5. Interpretability, Explainability, and Feature Contributions
Combining predictive accuracy with explainability is increasingly prioritized. Methods such as recursive feature elimination and SHapley Additive exPlanations achieve both model parsimony and interpretability:
- Recursive Feature Elimination (RFE) with Random Forests selects 20/80 features without F1 loss; leading features include Init_Win_bytes_backward/forward, Avg_Bwd_Segment_Size, Flow_Duration, Average_Packet_Size (Mutalib et al., 12 Nov 2025).
- SHAP analysis quantifies the contribution of individual features to model decisions, with high values of Init_Win_bytes_backward and Flow_Duration strongly predicting benign flows, while anomalous segments indicate attack likelihood.
- Local explanations demonstrate that several features collectively influence per-flow verdicts, supporting transparent operator review (Mutalib et al., 12 Nov 2025).
6. Use Cases and Practical Considerations
CICIDS2017's broad utility is evidenced by diverse usage profiles:
- Generalization Testing: Models trained on newer or domain-specific datasets (e.g., CICIoT2023) are commonly validated on CICIDS2017 as an unseen test set to benchmark cross-domain generalization (Gueriani et al., 2024).
- Alert Prioritization: Integration with SOC overlays, where alerts are mapped to severity bands (CVSS graded) and pipelines such as Learning to Defer with Human Feedback (L2DHF) use reinforcement learning to maximize correct prioritization and minimize analyst workload (Jalalvand et al., 23 Jun 2025).

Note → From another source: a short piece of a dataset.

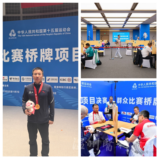 11月7日,第十五届全国运动会群众比赛桥牌项目决赛在广东深圳圆满收官。作为国内水平最高、规模最大的综合性体育盛会,本届全运会桥牌赛事吸引了全国各省市顶尖队伍等同台竞技。浙江省桥牌队表现抢眼,斩获1金2银的优异成绩,其中温州医科大学检验医学院(生命科学学院)谢克俭老师作为浙江男子团体业余组主力选手,以全场最高出场率、个人成绩排名第一的硬核表现,助力队伍成功获得男子团体赛(业余组)第一名,这也是全运会开设桥牌项目以来,浙江桥牌斩获的历史首枚金牌。

- Scenario-Driven and Streaming Evaluation: The scenario-based organization allows for precise emulation of attack campaigns, and the volume of flows enables simulated streaming/high-volume inference (Corsini et al., 2021, Jalalvand et al., 23 Jun 2025).
Pipeline recommendations include always removing problem flows (NaN/Infinity), normalizing features, employing stratified splits, and reporting both overall and per-class detection rates.

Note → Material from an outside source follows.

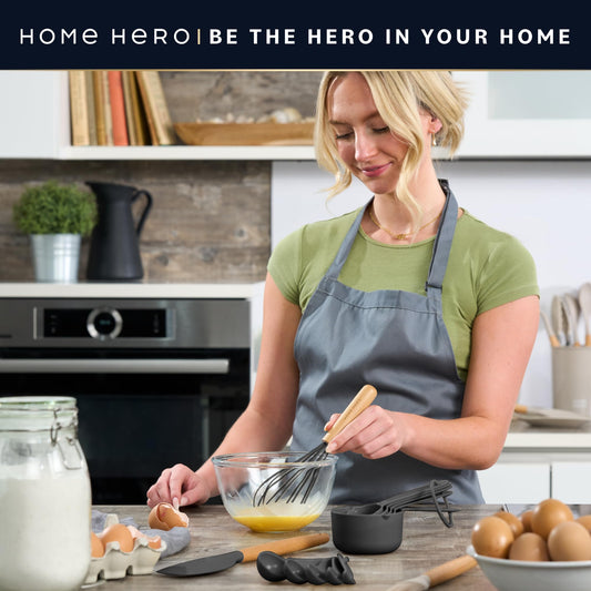 Home Hero 44 Pcs Silicone Kitchen Utensils Set, Non-Stick Silicone Cooking Utensils Set with Spatula, Wooden Handle Spatula, Silicone Kitchen Gadgets Utensil Set (44 Pcs - Black)

7. Strengths, Limitations, and Future Directions
- Strengths: CICIDS2017's annotated heterogeneity, feature richness, and temporal ground-truth for attacks underpin its dominance as a benchmark. High detection accuracies (often >98–99%) are consistently reproducible with both machine learning and deep learning models (Mutalib et al., 12 Nov 2025, Rababah et al., 2020, Ahmim et al., 2018, Corsini et al., 2021).
- Limitations: Severe class imbalance, nontrivial redundancy among features, and the absence of payload data constrain extremely rare attack detection and limit some forms of adversarial evaluation (Ahmim et al., 2018, Mutalib et al., 12 Nov 2025).

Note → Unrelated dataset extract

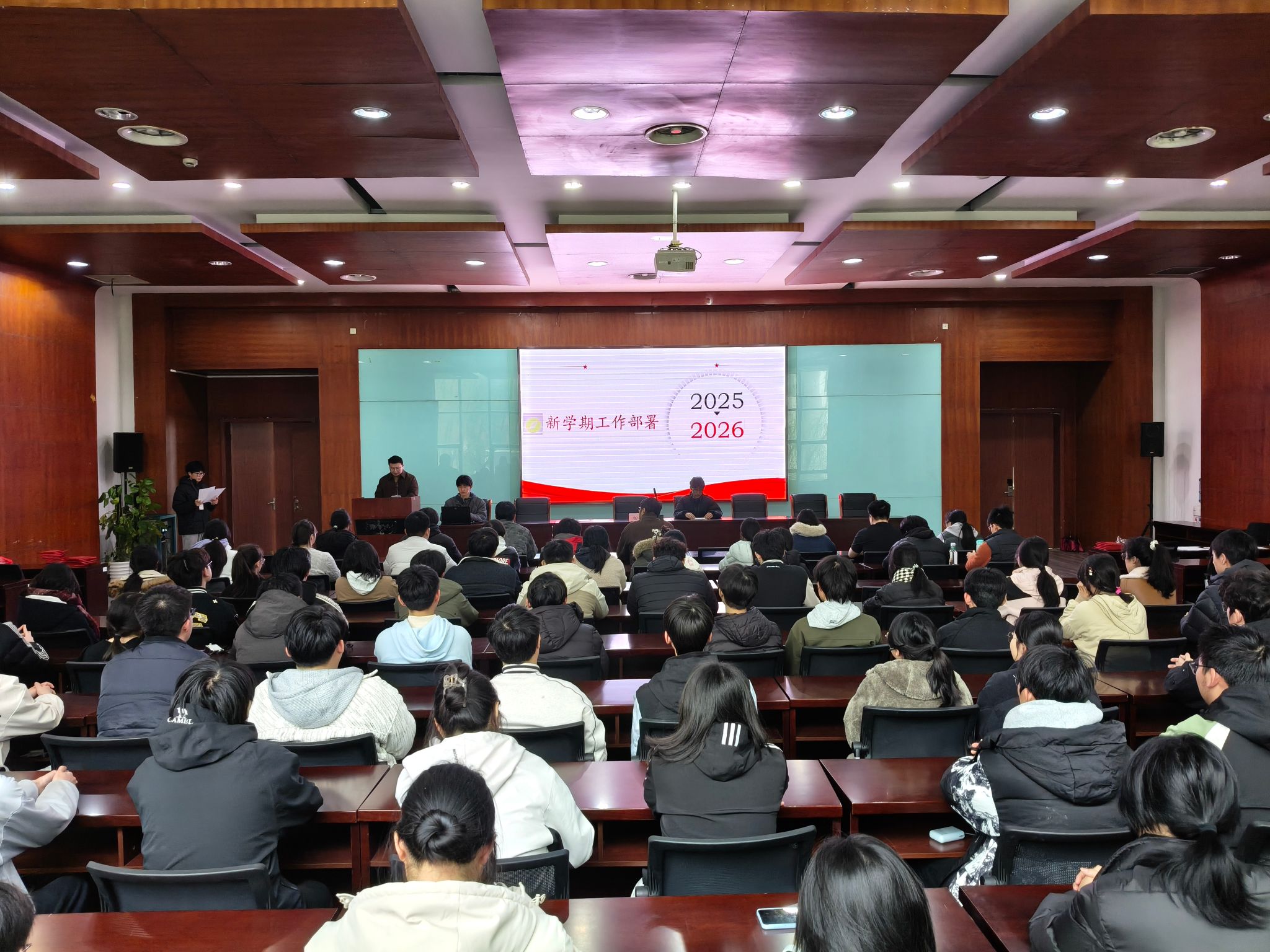 2026年3月18日,智能制造学院团总支在善仁楼报告厅召开2026年团学工作动员会暨表彰大会。学院党支部副书记成晨、团总支书记高乐、委员冯子辰以及学院学生会全体成员共同出席本次活动。会议聚焦表彰先进、部署年度重点任务,为2026年学院团学工作的开展凝聚共识,明确行动方向。

- Open Directions: Future work includes fine-tuning feature selection and normalization for CICIDS2017-specific patterns, extending binary detectors to multi-class frameworks, incorporation of attention/transformer architectures for long-term dependencies, and hardware-based real-time streaming evaluations (Gueriani et al., 2024, Ahmim et al., 2018).
A plausible implication is that hybrid or ensemble architectures—integrating static and sequential deep learning, interpretable ML, and human-in-the-loop mechanisms—will further advance the practical and theoretical value derived from CICIDS2017 as a central benchmark in network intrusion detection research.